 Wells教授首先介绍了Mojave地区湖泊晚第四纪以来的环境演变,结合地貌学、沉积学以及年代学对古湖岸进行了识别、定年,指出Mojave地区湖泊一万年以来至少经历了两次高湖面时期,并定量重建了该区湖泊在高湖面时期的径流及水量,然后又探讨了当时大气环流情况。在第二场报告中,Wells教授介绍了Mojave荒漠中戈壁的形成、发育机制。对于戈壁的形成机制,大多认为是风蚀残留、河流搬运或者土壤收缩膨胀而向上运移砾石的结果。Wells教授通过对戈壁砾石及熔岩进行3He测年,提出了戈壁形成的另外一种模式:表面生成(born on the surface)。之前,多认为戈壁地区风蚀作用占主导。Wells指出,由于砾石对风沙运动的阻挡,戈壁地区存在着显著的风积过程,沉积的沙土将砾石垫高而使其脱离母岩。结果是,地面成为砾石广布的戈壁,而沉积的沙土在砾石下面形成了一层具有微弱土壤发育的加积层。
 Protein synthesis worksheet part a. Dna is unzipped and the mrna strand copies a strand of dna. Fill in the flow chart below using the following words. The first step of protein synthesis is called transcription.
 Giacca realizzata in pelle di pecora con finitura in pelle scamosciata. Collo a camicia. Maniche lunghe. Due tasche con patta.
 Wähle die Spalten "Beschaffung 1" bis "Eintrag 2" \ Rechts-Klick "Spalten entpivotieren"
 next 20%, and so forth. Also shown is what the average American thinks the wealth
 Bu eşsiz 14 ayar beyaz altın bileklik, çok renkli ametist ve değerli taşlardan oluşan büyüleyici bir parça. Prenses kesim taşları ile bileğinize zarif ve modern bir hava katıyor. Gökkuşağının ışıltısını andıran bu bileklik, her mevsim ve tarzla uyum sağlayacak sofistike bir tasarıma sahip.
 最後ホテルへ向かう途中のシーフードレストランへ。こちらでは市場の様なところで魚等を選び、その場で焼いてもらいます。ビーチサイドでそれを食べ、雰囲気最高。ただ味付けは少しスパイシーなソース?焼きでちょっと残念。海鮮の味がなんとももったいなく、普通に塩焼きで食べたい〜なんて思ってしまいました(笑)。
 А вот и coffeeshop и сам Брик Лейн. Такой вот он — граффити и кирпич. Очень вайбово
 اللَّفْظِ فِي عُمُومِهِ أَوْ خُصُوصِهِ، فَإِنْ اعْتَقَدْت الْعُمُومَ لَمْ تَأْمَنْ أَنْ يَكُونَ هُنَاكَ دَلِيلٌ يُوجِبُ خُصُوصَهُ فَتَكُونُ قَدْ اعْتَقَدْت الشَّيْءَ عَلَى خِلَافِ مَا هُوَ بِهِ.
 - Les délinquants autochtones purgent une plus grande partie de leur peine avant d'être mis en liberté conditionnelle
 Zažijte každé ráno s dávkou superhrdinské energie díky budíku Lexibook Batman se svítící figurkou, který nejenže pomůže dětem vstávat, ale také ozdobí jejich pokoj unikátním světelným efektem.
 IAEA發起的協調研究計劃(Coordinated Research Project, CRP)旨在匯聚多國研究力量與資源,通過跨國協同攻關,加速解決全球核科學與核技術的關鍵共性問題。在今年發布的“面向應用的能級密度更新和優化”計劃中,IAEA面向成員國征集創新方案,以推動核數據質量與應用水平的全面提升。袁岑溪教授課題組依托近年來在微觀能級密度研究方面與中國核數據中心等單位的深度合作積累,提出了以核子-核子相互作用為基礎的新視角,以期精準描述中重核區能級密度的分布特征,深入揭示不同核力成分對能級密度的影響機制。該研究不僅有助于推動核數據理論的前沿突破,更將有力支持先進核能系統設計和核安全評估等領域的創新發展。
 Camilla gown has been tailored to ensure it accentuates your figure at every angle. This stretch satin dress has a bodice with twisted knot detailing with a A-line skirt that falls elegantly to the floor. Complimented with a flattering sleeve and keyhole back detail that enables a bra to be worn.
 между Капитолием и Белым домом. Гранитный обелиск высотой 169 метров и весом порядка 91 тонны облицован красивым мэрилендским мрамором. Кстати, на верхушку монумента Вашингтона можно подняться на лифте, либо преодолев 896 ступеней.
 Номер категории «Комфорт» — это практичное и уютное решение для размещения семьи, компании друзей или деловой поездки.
+ + + +
### [What the task asks]
Reproduce the listing in full. Keep it exactly as written.

### [Exercise output]
 Wells教授首先介绍了Mojave地区湖泊晚第四纪以来的环境演变,结合地貌学、沉积学以及年代学对古湖岸进行了识别、定年,指出Mojave地区湖泊一万年以来至少经历了两次高湖面时期,并定量重建了该区湖泊在高湖面时期的径流及水量,然后又探讨了当时大气环流情况。在第二场报告中,Wells教授介绍了Mojave荒漠中戈壁的形成、发育机制。对于戈壁的形成机制,大多认为是风蚀残留、河流搬运或者土壤收缩膨胀而向上运移砾石的结果。Wells教授通过对戈壁砾石及熔岩进行3He测年,提出了戈壁形成的另外一种模式:表面生成(born on the surface)。之前,多认为戈壁地区风蚀作用占主导。Wells指出,由于砾石对风沙运动的阻挡,戈壁地区存在着显著的风积过程,沉积的沙土将砾石垫高而使其脱离母岩。结果是,地面成为砾石广布的戈壁,而沉积的沙土在砾石下面形成了一层具有微弱土壤发育的加积层。
 Protein synthesis worksheet part a. Dna is unzipped and the mrna strand copies a strand of dna. Fill in the flow chart below using the following words. The first step of protein synthesis is called transcription.
 Giacca realizzata in pelle di pecora con finitura in pelle scamosciata. Collo a camicia. Maniche lunghe. Due tasche con patta.
 Wähle die Spalten "Beschaffung 1" bis "Eintrag 2" \ Rechts-Klick "Spalten entpivotieren"
 next 20%, and so forth. Also shown is what the average American thinks the wealth
 Bu eşsiz 14 ayar beyaz altın bileklik, çok renkli ametist ve değerli taşlardan oluşan büyüleyici bir parça. Prenses kesim taşları ile bileğinize zarif ve modern bir hava katıyor. Gökkuşağının ışıltısını andıran bu bileklik, her mevsim ve tarzla uyum sağlayacak sofistike bir tasarıma sahip.
 最後ホテルへ向かう途中のシーフードレストランへ。こちらでは市場の様なところで魚等を選び、その場で焼いてもらいます。ビーチサイドでそれを食べ、雰囲気最高。ただ味付けは少しスパイシーなソース?焼きでちょっと残念。海鮮の味がなんとももったいなく、普通に塩焼きで食べたい〜なんて思ってしまいました(笑)。
 А вот и coffeeshop и сам Брик Лейн. Такой вот он — граффити и кирпич. Очень вайбово
 اللَّفْظِ فِي عُمُومِهِ أَوْ خُصُوصِهِ، فَإِنْ اعْتَقَدْت الْعُمُومَ لَمْ تَأْمَنْ أَنْ يَكُونَ هُنَاكَ دَلِيلٌ يُوجِبُ خُصُوصَهُ فَتَكُونُ قَدْ اعْتَقَدْت الشَّيْءَ عَلَى خِلَافِ مَا هُوَ بِهِ.
 - Les délinquants autochtones purgent une plus grande partie de leur peine avant d'être mis en liberté conditionnelle
 Zažijte každé ráno s dávkou superhrdinské energie díky budíku Lexibook Batman se svítící figurkou, který nejenže pomůže dětem vstávat, ale také ozdobí jejich pokoj unikátním světelným efektem.
 IAEA發起的協調研究計劃(Coordinated Research Project, CRP)旨在匯聚多國研究力量與資源,通過跨國協同攻關,加速解決全球核科學與核技術的關鍵共性問題。在今年發布的“面向應用的能級密度更新和優化”計劃中,IAEA面向成員國征集創新方案,以推動核數據質量與應用水平的全面提升。袁岑溪教授課題組依托近年來在微觀能級密度研究方面與中國核數據中心等單位的深度合作積累,提出了以核子-核子相互作用為基礎的新視角,以期精準描述中重核區能級密度的分布特征,深入揭示不同核力成分對能級密度的影響機制。該研究不僅有助于推動核數據理論的前沿突破,更將有力支持先進核能系統設計和核安全評估等領域的創新發展。
 Camilla gown has been tailored to ensure it accentuates your figure at every angle. This stretch satin dress has a bodice with twisted knot detailing with a A-line skirt that falls elegantly to the floor. Complimented with a flattering sleeve and keyhole back detail that enables a bra to be worn.
 между Капитолием и Белым домом. Гранитный обелиск высотой 169 метров и весом порядка 91 тонны облицован красивым мэрилендским мрамором. Кстати, на верхушку монумента Вашингтона можно подняться на лифте, либо преодолев 896 ступеней.
 Номер категории «Комфорт» — это практичное и уютное решение для размещения семьи, компании друзей или деловой поездки.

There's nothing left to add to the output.